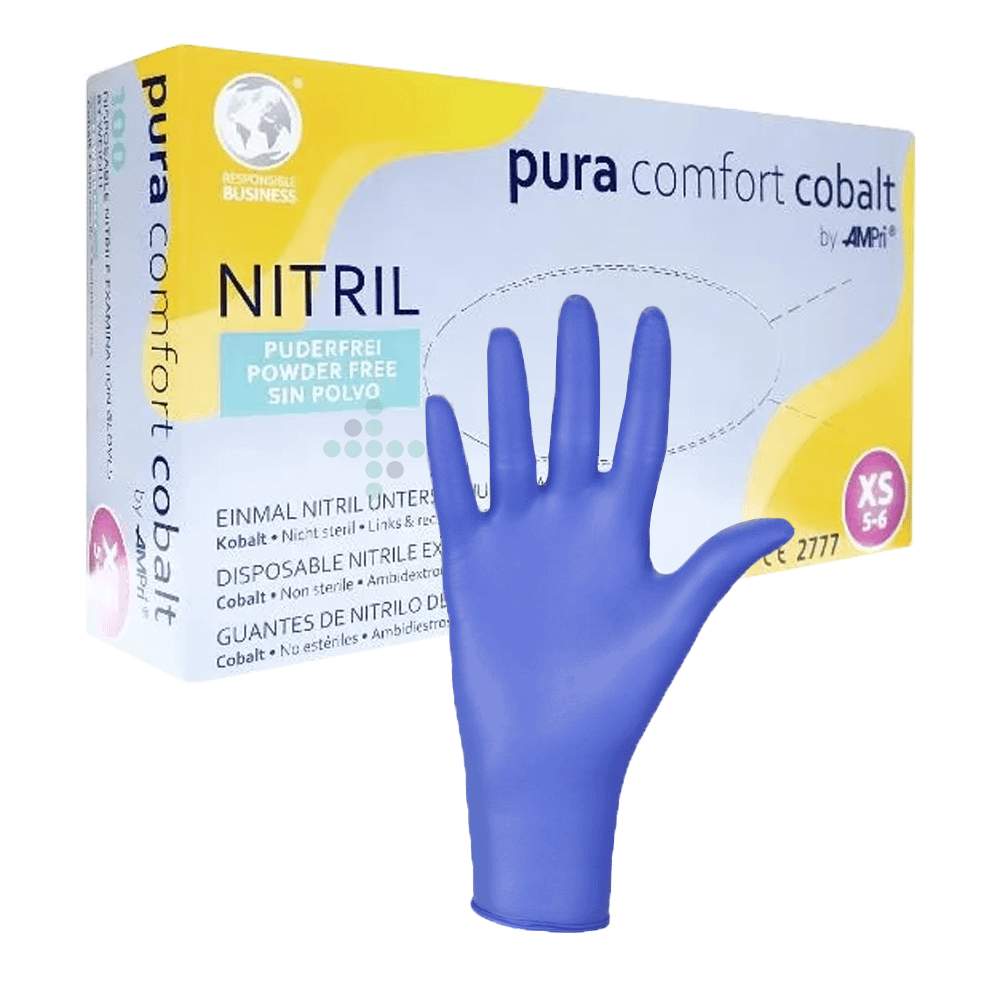 Rękawice nitrylowe bezpudrowe PURA COMFORT COBALT to ochronne rękawice nitrylowe – podstawowe nitrylowe rękawice chirurgiczne marki Puracomfort. Nitrylowe rękawice do badań nadają się do użytku w administracji, edukacji, stomatologii, przemyśle, usługach kosmetycznych, szpitalach, gastronomii i innych zastosowaniach medycznych. Są idealne do gabinetów dentystycznych i weterynaryjnych, laboratoriów, salonów kosmetycznych i fryzjerskich lub do użytku domowego. Zatwierdzony do kontaktu z żywnością.
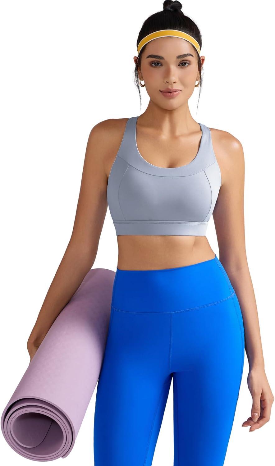 RUNNING GIRL Sports Bra for Women,Adjustable Straps Molded Cup High Impact Sports Bras for Women with Sewn in Pads(Grey)
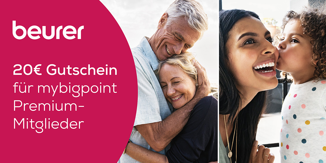 Wir möchten, dass es dir gut geht! Egal ob Diagnosewaage, Massage Gun, EMS-/TENS-Gerät oder Aktivitätstracker – Beurer bietet dir alles, was du fürs Training, Spiel, eine punktgenaue Regeration und mehr Wohlbefinden zu Hause brauchst. Mit mehr als 500 Produkten aus den Themenwelten Wellbeing, Medical, Beauty, Active und Babycare sorgt Beurer für einen gesünderen, schönen Alltag und hilft dir, deine Trainingsziele motiviert umzusetzen. Als offizieller Partner des DTB hat Beurer für die mybigpoint Premium-Mitglieder eine ganz besondere Aktion gestartet, aber auch alle anderen DTB-Mitglieder profitieren von exklusiven Angeboten!
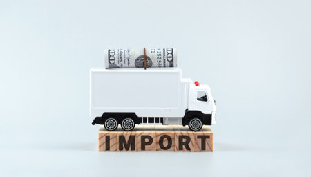 White toy truck on blocks with the text IMPORT. Logistics and wholesale trade concept.

*Exercise goal:* Word for word, reproduce all the data, but not the pictures.

*Result for this task:*
 Rękawice nitrylowe bezpudrowe PURA COMFORT COBALT to ochronne rękawice nitrylowe – podstawowe nitrylowe rękawice chirurgiczne marki Puracomfort. Nitrylowe rękawice do badań nadają się do użytku w administracji, edukacji, stomatologii, przemyśle, usługach kosmetycznych, szpitalach, gastronomii i innych zastosowaniach medycznych. Są idealne do gabinetów dentystycznych i weterynaryjnych, laboratoriów, salonów kosmetycznych i fryzjerskich lub do użytku domowego. Zatwierdzony do kontaktu z żywnością.
 RUNNING GIRL Sports Bra for Women,Adjustable Straps Molded Cup High Impact Sports Bras for Women with Sewn in Pads(Grey)
 Wir möchten, dass es dir gut geht! Egal ob Diagnosewaage, Massage Gun, EMS-/TENS-Gerät oder Aktivitätstracker – Beurer bietet dir alles, was du fürs Training, Spiel, eine punktgenaue Regeration und mehr Wohlbefinden zu Hause brauchst. Mit mehr als 500 Produkten aus den Themenwelten Wellbeing, Medical, Beauty, Active und Babycare sorgt Beurer für einen gesünderen, schönen Alltag und hilft dir, deine Trainingsziele motiviert umzusetzen. Als offizieller Partner des DTB hat Beurer für die mybigpoint Premium-Mitglieder eine ganz besondere Aktion gestartet, aber auch alle anderen DTB-Mitglieder profitieren von exklusiven Angeboten!
 White toy truck on blocks with the text IMPORT. Logistics and wholesale trade concept.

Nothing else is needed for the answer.